Many angles were explored. In particular, the guy from Sales in the South brought fresh thinking about the competitor situation, a complex one. We ended with a full complex, new picture of the enormous challenges we face, and I have never seen so much fresh and good material coming from the participation of everybody.
Due to the time constrains of two hours, we asked two people to give us the two key points coming from a maximum of two flipcharts. Each point could have max two bullet points. And here is the attachment, 2MB’.
And the above paradox repeats itself a hundred times per second in meeting rooms across all corporations. The fear of not capturing a rich world (and above all to be seen as unable to do so by others) leads to a simplification and reductionist exercise that inevitably focuses on the most tangible and concrete, the most manageable and the most consensual. To put stickers on the wall and rank statements is easy. To grab the unexpected, the un-categorised and unmanageable is difficult.
Over the exercise, the richness of the origins gets progressively slimmed down to a manageable version of life which is more comfortable, predictable and more easily associated to an action bullet point. I have never, ever been part of any of these ‘sessions’ that ended with ‘and for this, we don’t know what to do with it’. The horror of the unclassified and the irritatingly undefined leads to ‘closure’ at any cost. This is what traditional management thinking has told us to do.
What is left behind in that immense intellectual idea-graveyard of the flipchart is perhaps written down as ‘other points’, if lucky. What we take with us to the car park is a summary.

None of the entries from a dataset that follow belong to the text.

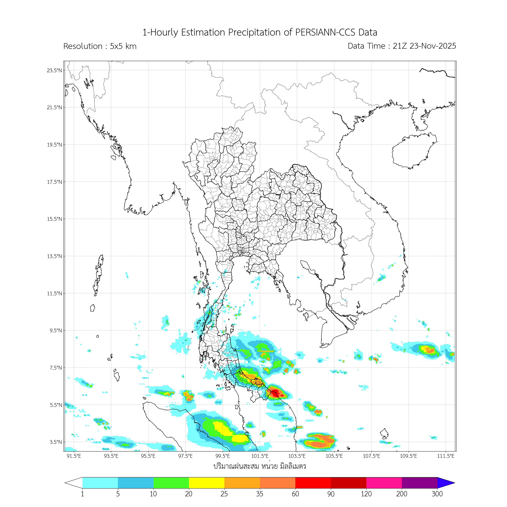 การประมาณค่าฝนจากดาวเทียม เมื่อวาน (23/11/2025)
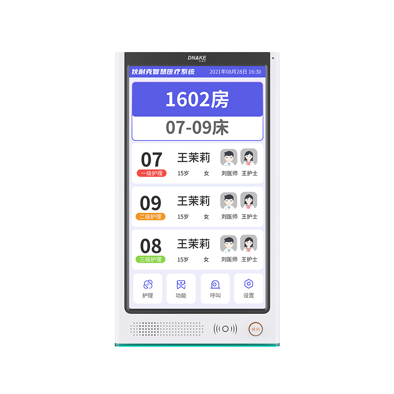 創(chuàng)新設(shè)置在病房門口的終端設(shè)備,主要用于顯示病房相關(guān)信息,內(nèi)置簡易醫(yī)護(hù)工作站,支持病房床位一覽、患者動態(tài)跟蹤、呼叫對講、增援求救等多種呼叫類型,信息齊全,及時響應(yīng)醫(yī)護(hù)需求,實現(xiàn)智能化醫(yī)護(hù)管理。
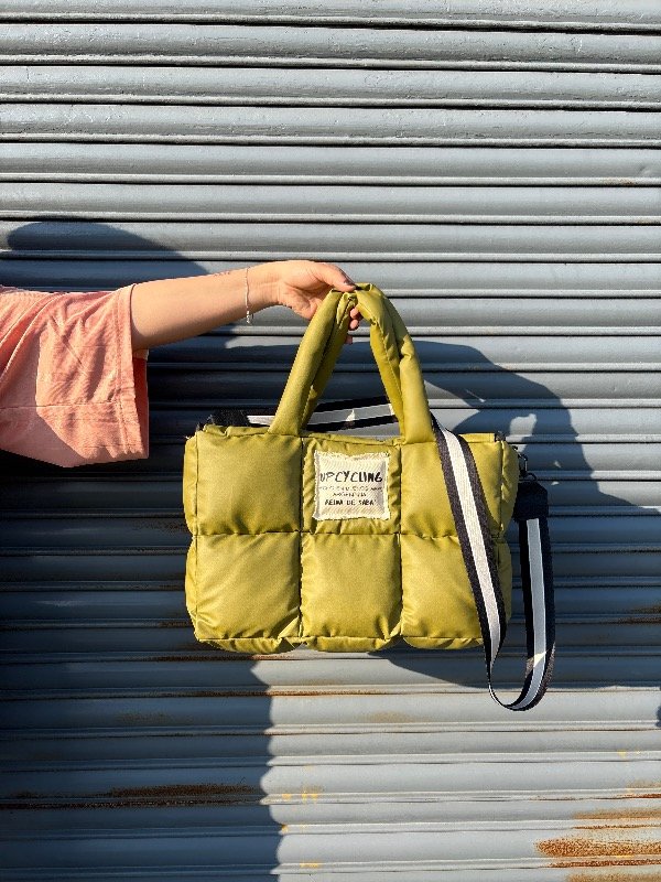 Puffer Bag Oliva 🫒, está hecha en Ecocuero verde relleno con guata, su interior es de silver negro.
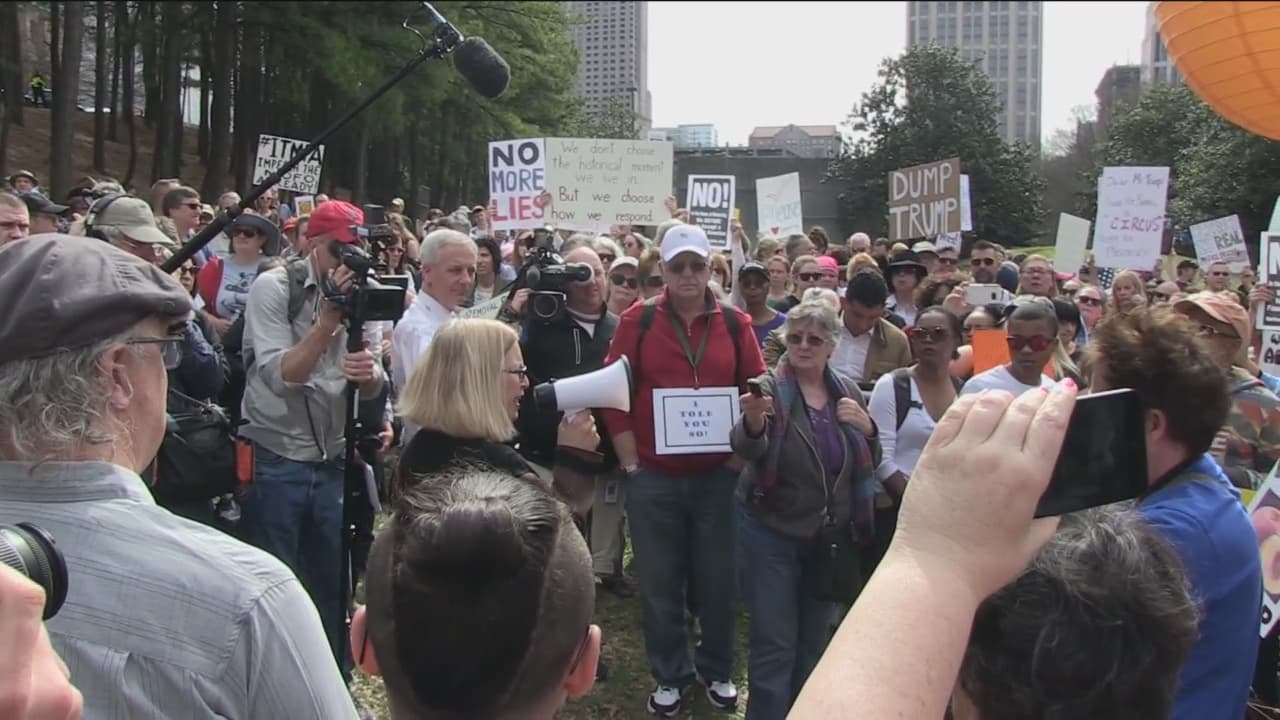 Cientos de personas se manifiestan en contra de Donald Trump en el Día de los presidentes

If you marry a summary, you’ll breed bullet points. Life is much easier, if hardly real. But it can pay the mortgage and even give you a promotion. We manage organizations with unreal pictures, filtered realities and dwarfed versions of issues. There is a title in traditional management education that helps you to avoid this.
These two positions may be part of the solution: ‘Make everything as simple as possible, but not simpler’ (attributed to Einstein) and ‘It seems that perfection is reached not when there is nothing left to add, but when there is nothing left to take away’, by Antoine de Saint Exupery. We, in management, have a long way to go to reach a reasonable point of critical thinking in which we acknowledge the complexity and resist the reality on a diet.
I wish leaders could stop requesting ‘the summary’ and start asking for ‘your enlarged version of things’. That would be a bit disruptive. If longer.